Question for Acquisition Guys
What are the first 5 things you immediately begin digging into when you get an Argus file from a broker for a potential acquisition? I recently started an acquisitions role for a smaller group with no real underwriting policies and procedures or manual. I have a little bit of acquisitions experience, but the bulk of my experience has been on the construction lending side. Appreciate any insight. Thanks.
Ranked in terms of importance:
-Check the MLAs and see which ones are being applied to each lease
-Check the lease up of vacant space to see how aggressive the broker was
-Check the RR against Argus to make sure the lease inputs are correct
-Check the opex numbers to see if they gut check, and the expense categories/recovery structures to see if recoveries are over/understated
-Check all the miscellaneous stuff like vacancy / credit allowance, other income, and inflation (this stuff is all pretty standard)
This. Also see what CapEx, if any, is being underwritten (whether it's reserves or actual projects) because a broker would likely understate them.
Thanks guys, very helpful. Please feel free to add any other critical steps. Much appreciated.
I'm beating a dead horse by expressing my utter contempt for the broker world, but these people are so transparently unethical that you can literally trust them about nothing. To your point, you'll see a rent roll with every tenant in the range of 2.5-3% annual rent increase and the broker will throw in 3.3% (which makes a HUGE differences in valuation). I get it--caveat emptor, but come on, man--have you no pride in your work?
Dude, you deal with some terrible brokers.
stop buying shit from Marcus and Millichap
Inflation rates within certain line items.
Not talking global inflation rules; but I have seen within certain expenses or misc revenues (where you can manually adjust the inflation for specific line items), switched to 1% for a major reoccurring expense as well as 4-5% for misc revenues..
Basically you have to check everything.
Seconded, it seems like they all try to pull this shit with the matrices. e.g. instead of plugging 3 months free rent, setting it to 3 for the first two years, then down to 2, 1, and none by year five.
Appreciate the feedback. Thanks.
I do agree with the above posts that there's a basic checkbox you run down - but that shouldn't take more than 30min to an hour. For me, if it's an analyst I've never dealt with or a company we haven't done a transaction with, I need to get comfortable with how they are using Argus. Despite it being a relatively level modelling tool, there are many ways to approach a single question.

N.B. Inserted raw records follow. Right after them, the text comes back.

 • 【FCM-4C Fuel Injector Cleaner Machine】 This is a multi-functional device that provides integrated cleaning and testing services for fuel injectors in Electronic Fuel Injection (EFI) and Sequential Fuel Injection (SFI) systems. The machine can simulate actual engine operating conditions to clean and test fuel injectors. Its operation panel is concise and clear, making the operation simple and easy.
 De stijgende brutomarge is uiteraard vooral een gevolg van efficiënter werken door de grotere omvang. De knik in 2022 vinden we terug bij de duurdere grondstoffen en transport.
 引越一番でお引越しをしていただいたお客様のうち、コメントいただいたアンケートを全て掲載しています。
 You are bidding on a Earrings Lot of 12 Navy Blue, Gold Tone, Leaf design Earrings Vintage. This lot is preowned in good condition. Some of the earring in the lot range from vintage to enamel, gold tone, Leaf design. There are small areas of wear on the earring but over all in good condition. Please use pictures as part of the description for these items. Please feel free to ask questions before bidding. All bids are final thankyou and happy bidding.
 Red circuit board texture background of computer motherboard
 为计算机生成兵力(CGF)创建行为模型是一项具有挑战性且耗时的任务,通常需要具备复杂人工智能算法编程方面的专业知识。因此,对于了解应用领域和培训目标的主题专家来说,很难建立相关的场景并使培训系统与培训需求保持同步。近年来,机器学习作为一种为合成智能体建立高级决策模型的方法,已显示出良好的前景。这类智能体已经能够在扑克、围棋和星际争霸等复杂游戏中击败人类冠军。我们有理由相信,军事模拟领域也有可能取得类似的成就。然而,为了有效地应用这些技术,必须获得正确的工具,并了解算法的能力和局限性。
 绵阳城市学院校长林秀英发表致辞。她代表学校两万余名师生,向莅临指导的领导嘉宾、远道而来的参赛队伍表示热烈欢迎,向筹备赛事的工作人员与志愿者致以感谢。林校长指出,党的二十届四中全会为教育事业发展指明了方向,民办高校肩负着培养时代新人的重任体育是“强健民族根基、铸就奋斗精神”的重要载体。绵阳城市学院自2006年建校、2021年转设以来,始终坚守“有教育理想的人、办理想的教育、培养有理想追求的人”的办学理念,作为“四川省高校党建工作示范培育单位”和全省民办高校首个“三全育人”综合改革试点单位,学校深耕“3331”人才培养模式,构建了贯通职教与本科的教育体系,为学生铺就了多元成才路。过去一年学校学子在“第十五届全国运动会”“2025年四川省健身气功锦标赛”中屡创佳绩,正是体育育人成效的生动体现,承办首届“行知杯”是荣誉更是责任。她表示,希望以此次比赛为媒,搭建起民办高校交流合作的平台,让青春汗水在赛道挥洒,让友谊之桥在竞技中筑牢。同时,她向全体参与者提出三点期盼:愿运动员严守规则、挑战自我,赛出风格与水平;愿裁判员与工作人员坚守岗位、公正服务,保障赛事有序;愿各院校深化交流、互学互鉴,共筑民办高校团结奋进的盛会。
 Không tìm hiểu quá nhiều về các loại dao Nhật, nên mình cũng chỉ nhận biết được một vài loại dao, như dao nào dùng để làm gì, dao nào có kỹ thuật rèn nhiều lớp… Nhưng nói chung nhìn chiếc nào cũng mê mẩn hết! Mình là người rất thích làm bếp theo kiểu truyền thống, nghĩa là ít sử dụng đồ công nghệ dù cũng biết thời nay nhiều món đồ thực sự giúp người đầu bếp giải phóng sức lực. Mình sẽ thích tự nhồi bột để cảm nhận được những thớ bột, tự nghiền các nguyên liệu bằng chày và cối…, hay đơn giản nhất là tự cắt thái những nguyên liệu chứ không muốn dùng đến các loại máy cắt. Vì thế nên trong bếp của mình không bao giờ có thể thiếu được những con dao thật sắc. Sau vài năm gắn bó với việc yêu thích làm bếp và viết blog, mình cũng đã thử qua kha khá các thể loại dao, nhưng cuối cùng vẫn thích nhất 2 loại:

In the end, I always pull out the ol' HP and back check it. Many analysts don't do this and get caught big time. A common theme I will see if people double counting rent growth by applying rent escalators in the MLA as well as the overall assumptions, or vice versa (not growing MLA rents and assuming that MLA $/SF now will be the same price in 7 years).
My point is there are a lot of little fine tuning parts of Argus you need to make sure are being used correctly and not incorrectly inflating/deflating rents. Again my experience has been that the most common overlooks are on the application of MLA's and growth rates.